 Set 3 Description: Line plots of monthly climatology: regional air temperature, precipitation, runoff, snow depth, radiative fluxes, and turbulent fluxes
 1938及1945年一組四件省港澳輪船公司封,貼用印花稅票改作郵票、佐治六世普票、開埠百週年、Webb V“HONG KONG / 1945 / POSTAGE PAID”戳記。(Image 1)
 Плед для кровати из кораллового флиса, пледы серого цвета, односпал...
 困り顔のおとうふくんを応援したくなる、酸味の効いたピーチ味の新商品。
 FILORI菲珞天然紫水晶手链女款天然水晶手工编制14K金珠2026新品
————
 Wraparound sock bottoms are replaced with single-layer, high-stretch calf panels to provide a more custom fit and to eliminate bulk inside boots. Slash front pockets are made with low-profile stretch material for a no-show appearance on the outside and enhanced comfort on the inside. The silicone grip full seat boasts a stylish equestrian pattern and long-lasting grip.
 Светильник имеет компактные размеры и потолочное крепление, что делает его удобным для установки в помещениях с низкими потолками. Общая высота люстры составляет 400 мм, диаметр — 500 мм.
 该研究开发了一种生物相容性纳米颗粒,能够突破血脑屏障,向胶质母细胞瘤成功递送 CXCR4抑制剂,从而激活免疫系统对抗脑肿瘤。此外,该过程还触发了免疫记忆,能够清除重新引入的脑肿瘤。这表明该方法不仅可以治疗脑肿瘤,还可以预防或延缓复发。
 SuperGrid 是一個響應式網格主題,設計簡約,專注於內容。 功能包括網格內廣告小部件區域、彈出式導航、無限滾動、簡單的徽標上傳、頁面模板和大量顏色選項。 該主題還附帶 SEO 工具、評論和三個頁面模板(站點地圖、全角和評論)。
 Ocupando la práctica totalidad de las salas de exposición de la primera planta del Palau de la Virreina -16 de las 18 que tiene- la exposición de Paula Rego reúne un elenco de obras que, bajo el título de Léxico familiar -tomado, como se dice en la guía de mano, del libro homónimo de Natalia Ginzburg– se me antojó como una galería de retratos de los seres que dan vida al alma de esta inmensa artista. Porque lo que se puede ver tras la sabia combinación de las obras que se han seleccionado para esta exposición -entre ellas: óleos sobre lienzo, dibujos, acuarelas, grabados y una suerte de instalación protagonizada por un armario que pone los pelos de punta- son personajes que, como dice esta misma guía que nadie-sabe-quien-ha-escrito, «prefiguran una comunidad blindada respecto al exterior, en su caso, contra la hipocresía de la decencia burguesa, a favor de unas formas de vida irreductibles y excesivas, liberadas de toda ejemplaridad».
————
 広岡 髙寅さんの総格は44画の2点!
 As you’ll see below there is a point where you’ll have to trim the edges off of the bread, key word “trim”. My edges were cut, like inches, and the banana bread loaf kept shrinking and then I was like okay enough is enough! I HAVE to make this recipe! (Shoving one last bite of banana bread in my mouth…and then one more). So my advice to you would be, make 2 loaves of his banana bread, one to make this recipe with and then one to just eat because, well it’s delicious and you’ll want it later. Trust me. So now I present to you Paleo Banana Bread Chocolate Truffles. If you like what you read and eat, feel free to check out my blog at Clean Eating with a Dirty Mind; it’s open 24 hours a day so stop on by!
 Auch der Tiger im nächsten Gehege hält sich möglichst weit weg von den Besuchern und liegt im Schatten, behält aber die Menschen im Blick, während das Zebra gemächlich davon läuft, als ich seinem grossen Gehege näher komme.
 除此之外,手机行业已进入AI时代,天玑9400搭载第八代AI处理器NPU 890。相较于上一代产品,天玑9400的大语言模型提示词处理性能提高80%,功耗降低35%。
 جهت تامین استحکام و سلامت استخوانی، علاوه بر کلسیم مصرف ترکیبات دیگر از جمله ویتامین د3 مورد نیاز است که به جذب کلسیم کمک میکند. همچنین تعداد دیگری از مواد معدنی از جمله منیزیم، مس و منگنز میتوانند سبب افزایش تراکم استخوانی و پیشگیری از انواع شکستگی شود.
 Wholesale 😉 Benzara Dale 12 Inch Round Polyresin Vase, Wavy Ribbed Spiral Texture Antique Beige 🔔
————
__YOUR TASK__.
The expected output is exactly the lines of the listing above between the line holding "困り顔のおとうふくんを応援したくなる、酸味の効いたピーチ味の新商品。" and the line holding "FILORI菲珞天然紫水晶手链女款天然水晶手工编制14K金珠2026新品", inclusive.

__RESPONSE TO THE EXERCISE__.
 困り顔のおとうふくんを応援したくなる、酸味の効いたピーチ味の新商品。
 FILORI菲珞天然紫水晶手链女款天然水晶手工编制14K金珠2026新品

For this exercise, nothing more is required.